Attendees at the 2026 SimRacing Expo. (Image credit: SimRacing Expo)

Puc also highlighted Jimmy Broadbent and my own personal favorite sim racing YouTuber Steve Alvarez Brown, alias Super GT—both of whom are sponsored by Fanatec and both of whom went from sim racing on at-home rigs to professional motorsports. Broadbent, who has over 1 million YouTube subscribers, started off vlogging from a shed and now races in the Nürburgring Langstrecken-Serie sponsored by the motorsports suspension component manufacturer Bilstein. Alvarez Brown, also a driver for Bilstein, now drives GT4 race cars on the ‘Ring.

For many, games are a pipeline to future passions. As a child, I spent interminable hours in historical strategy games like Age of Empires, and I now have three degrees in imperial and international history. However, while arcade driving games like Need for Speed, Burnout, and the inimitable Rush 2: Extreme Racing USA prepped me for car enthusiasm as an adult, they did not land me in actual motorsports.

Burnout Paradise

The 2018 remaster of Burnout Paradise. (Image credit: Electronic Arts)

Maybe that’s okay. Maybe old-fashioned car games are dying not because of the sim industry, but because real-world car enthusiasm is in free-fall. Maybe sim racers are not less accessible videogames but rather more accessible motorsports, in a world where professional racing has somehow taken off among young people even while their driver’s license possession has cratered and, as mentioned above, the rest of car culture is struggling. Maybe a $1,000 sim rig isn’t displacing a $10 Play Station controller, but rather a substitute for a $10,000 track-modified Mazda Miata or a $15 million Formula 1 car.

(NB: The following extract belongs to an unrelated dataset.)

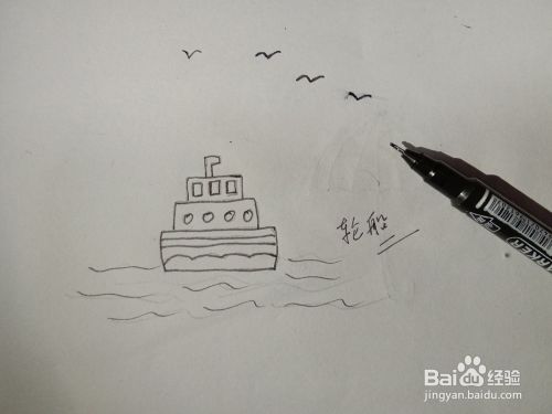 给整个画好的轮船用勾线笔描一遍,让图看的更清晰(你也可以填充颜色的),再在上面画一些带弧度“v”,作为海鸥。
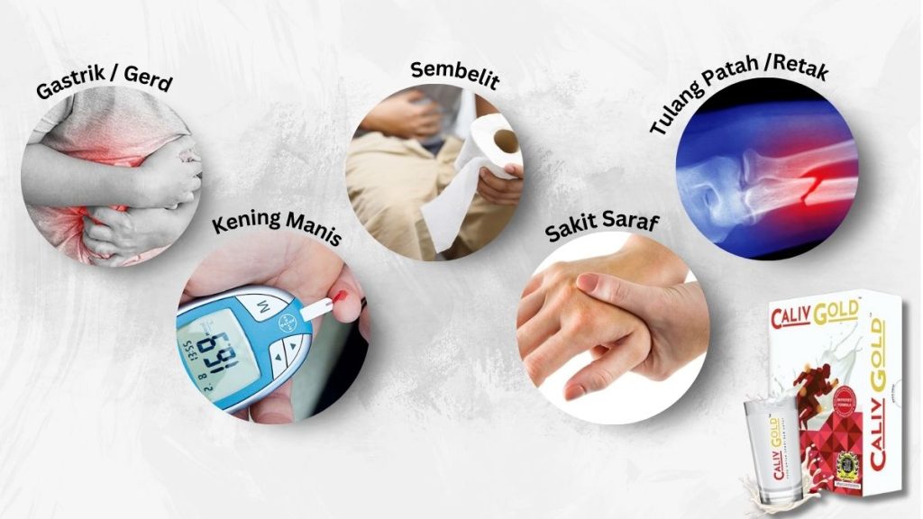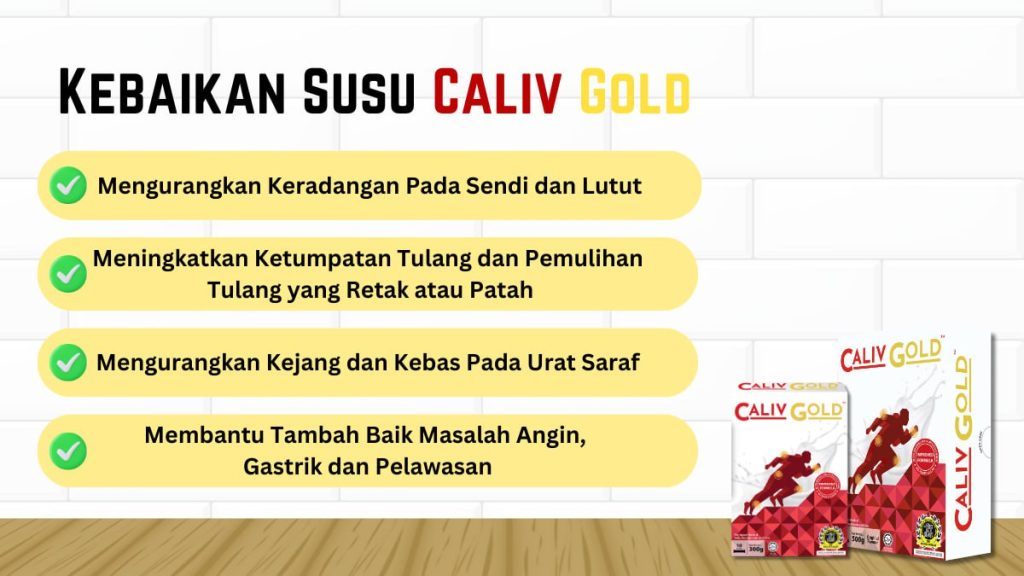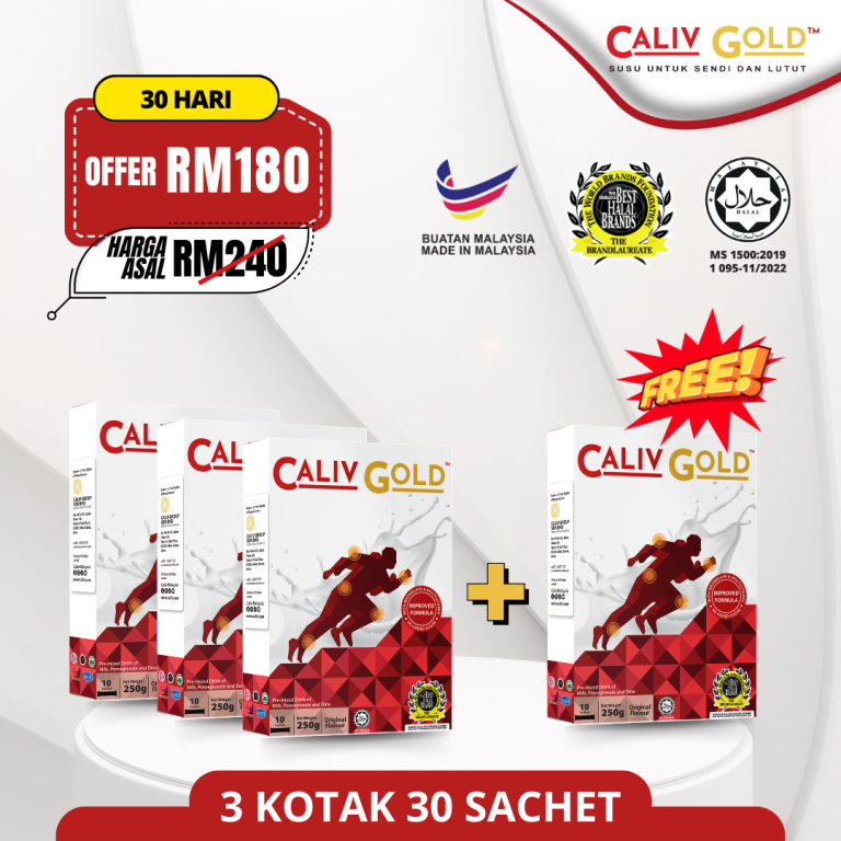 CALIV GOLD adalah serbuk minuman pracampuran gabungan TUJUH (7) BAHAN SEMULAJADI dan diformulasikan dengan manfaat kesihatan 100% sumber semulajadi yang berkualiti dan berkhasiat tinggi. CALIV GOLD dirumus khas untuk bantu kawal dan kurangkan sakit SENDI & LUTUT tapi boleh juga untuk mereka yang ada sakit lain seperti SEMBELIT, GASTRIK, GOUT, 3 SERANGKAI, SARAF & TULANG.

It could be a good thing that enthusiast car culture is slowly dying. But meanwhile, motorsport thrives. I, for one, can always go back to 20-year-old Gran Turismo games and simply accept that sim racing isn’t for me. But maybe one day on a lark, I’ll download Assetto Corsa, plug in my Thrustmaster T150 RS, and be grateful that the virtual world has kept alive my dream of cruising the Tokyo Expressway in a Dodge Durango SRT Hellcat.